Pineapple HARDI 60 scans used to determine the number of shots and voxel size for multi-shot DTI acquisition. Although 2-shot with smaller voxel size (i.e., 2-shot HR) acquisition appeared to have higher resolution in the raw DTI image, the corresponding FA map contained substantially more outlier/white voxels (i.e., >1.0) and the corresponding primary direction vector map was the noisiest. For number of shots higher than two, the primary direction vectors appeared to be more corrupted.

Figure 13.

Qualitative visual comparison. Advanced distortion reduction (i.e., 2-shot) produced raw DTI images and FA maps with better anatomical matching with respect to structural T1, as well as more fiber tracts than standard DTI with or without advanced de-noising (i.e., 1-shot without AIR Recon DL). Note that all DTI images shown included the reverse-polarity distortion correction.

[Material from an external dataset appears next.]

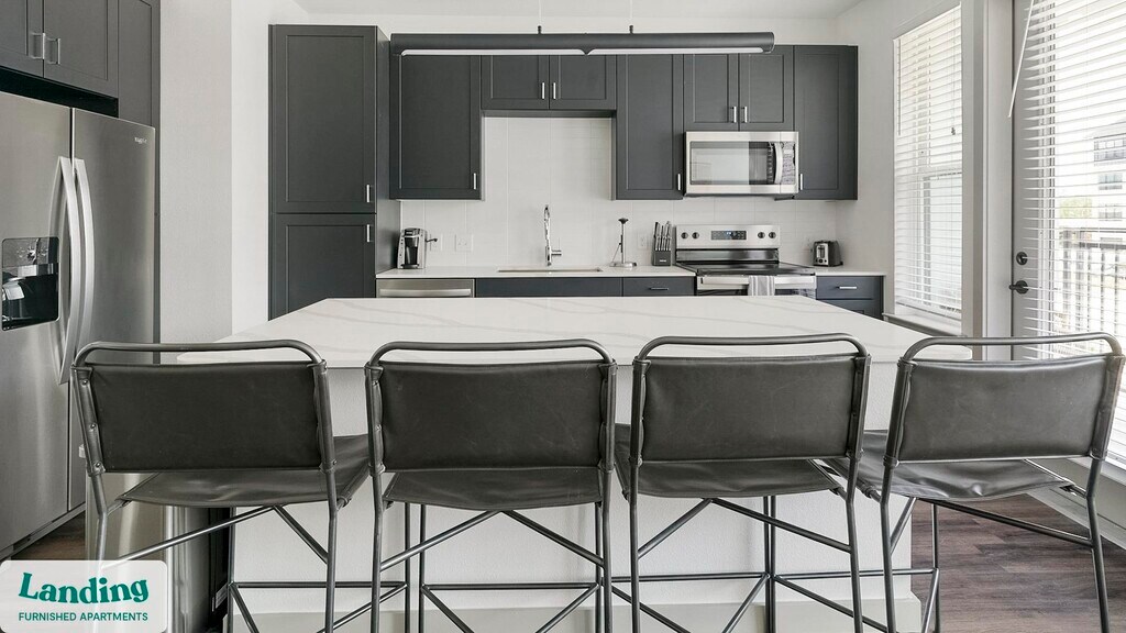 Landing is a top-rated, fully furnished apartment network with thousands of homes across 250+ U.S. cities. With premium amenities, a mobile app to manage your stay, and 24/7 support. Our apartments have everything you need for monthly and longer stays. 6-Month+ Stay base rent: starts at $2427/mo 12-Month+ Stay base rent: starts at $2155/mo Landing's apartments at The Standard on the River are designed for comfortable, easy living, with the ability to stay as long as you like. All Landing apartments include: - Fast Wi-Fi - Stylish furnishings - Fully-stocked bathroom - Smart TVs - Comfortable bed - Professionally cleaned - Guest support Stay longer for cheaper! The longer you stay, the bigger your discount. Price advertised is for a 12-month stay, including all utilities and fees, and may vary based on availability. We manage multiple units at this property. While all feature a similar style and furnishings, the layout and specific design elements may vary slightly from the photos provided. Some of the nitty-gritty: a background check and proof of income are required; we're completely smoke-free; pet-friendly options are available; parking is subject to availability.

DTI Multishell 106 (NODDI_SSE) and 128

With the upgrade, we now have access to more advanced DTI techniques (Figure 14) that allow for the quantification of neurite density and orientation distribution function (ODF).

Figure 14.

Comparison of DTI acquisition using (A, D, G) conventional/existing HARDI, (B, E, H) multishell 106 and (C, F, I) multishell 128 sequences. (A, B, C) Raw DWI volume, (D, E, F) FA map and (G, H, I) mean diffusivity (MD) map. Different subjects were used for the acquisitions.

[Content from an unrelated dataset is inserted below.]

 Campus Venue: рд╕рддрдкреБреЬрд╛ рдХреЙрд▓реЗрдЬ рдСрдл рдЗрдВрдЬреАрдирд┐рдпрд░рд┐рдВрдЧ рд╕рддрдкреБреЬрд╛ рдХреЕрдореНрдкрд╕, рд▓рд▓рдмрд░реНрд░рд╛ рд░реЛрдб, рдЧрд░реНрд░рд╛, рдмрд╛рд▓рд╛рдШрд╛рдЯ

Gradient echo imaging, neuromelanin

Gradient echo imaging for neuromelanin is a specialized GE HealthCare product sequence that highlights neuromelanin-rich structures, such as the substantia nigra and locus coeruleus. Comparable image quality was observed pre- and post-upgrade (Figure 15).

Figure 15.

(A-C) Pre-upgrade and (D-F) post-upgrade neuromelanin acquisitions, 0.39 x 0.39 x 3 mm, 13:27 min.

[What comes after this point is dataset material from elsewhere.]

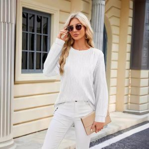 Solid Color Round Neck Loose Long Sleeve

Susceptibility weighted imaging

The susceptibility weighted imaging (SWI) sequence is sensitive to blood products and iron, making it useful for detecting microhemorrhages and iron deposition (Figure 16).

Figure 16.

In SWI, (C-D) the post-upgrade images using the 48-channel head coil provide noticeably less noisy data compared to (A, B) pre-upgrade images. The units of the image are ppm and the color scale is from [-0.1, 0.2].

Perfusion – pCASL

Pseudo-Continuous Arterial Spin Labeling (pCASL) is a non-invasive, perfusion-weighted imaging technique to measure cerebral blood flow using arterial spin labeling (ASL). For the global average percentage signal change during breath hold, the 12-channel data with the HNU pre-upgrade had an average signal change of 1.19%, whereas the 48-channel head coil data had 1.43%, for a 20% improvement in signal change with the new coil after the upgrade (Figure 17).

Figure 17.

(Top left) 12-channel HNU average signal change, (top right) 48-channel head coil average signal change and (bottom right) voxelwise signal change in the pCASL acquisition.

MR spectroscopy (MRS)

MRS provides information about the chemical composition of tissues. The scanner can acquire single- and multi-voxel spectroscopy using semi-LASER to detect the following metabolites: N-acetyl aspartate (NAA), choline and creatinine, and we are currently optimizing detection of lactate.

fMRI

Single-echo fMRI: A basic fMRI technique that measures blood-oxygen-level-dependent (BOLD) contrast to map brain activity.

Multi-echo fMRI: An advanced fMRI technique that allows for improved sensitivity and quantification of hemodynamic responses. We are currently optimizing the sequence parameters for our tasks.

Conclusion

The hardware and software upgrade implemented on the SIGNA PET/MR was found to lead to significant improvements in MR image quality. MotionFree Brain PET was found to accurately correct for motion when imaging with a tracer with relatively stable spatial distribution, especially relevant when imaging subjects prone to motion. Collectively, these improvements significantly enhance the overall imaging performance of the scanner, thus enabling more complex research studies, which will ultimately lead to a better understanding of brain function and disease. 

Reference

1. Spangler-Bickell MG, Hurley SA, Pirasteh A, Perlman SB, Deller T, McMillan AB. Evaluation of Data-Driven Rigid Motion Correction in Clinical Brain PET Imaging. J Nucl Med. 2022 Oct;63(10):1604-1610.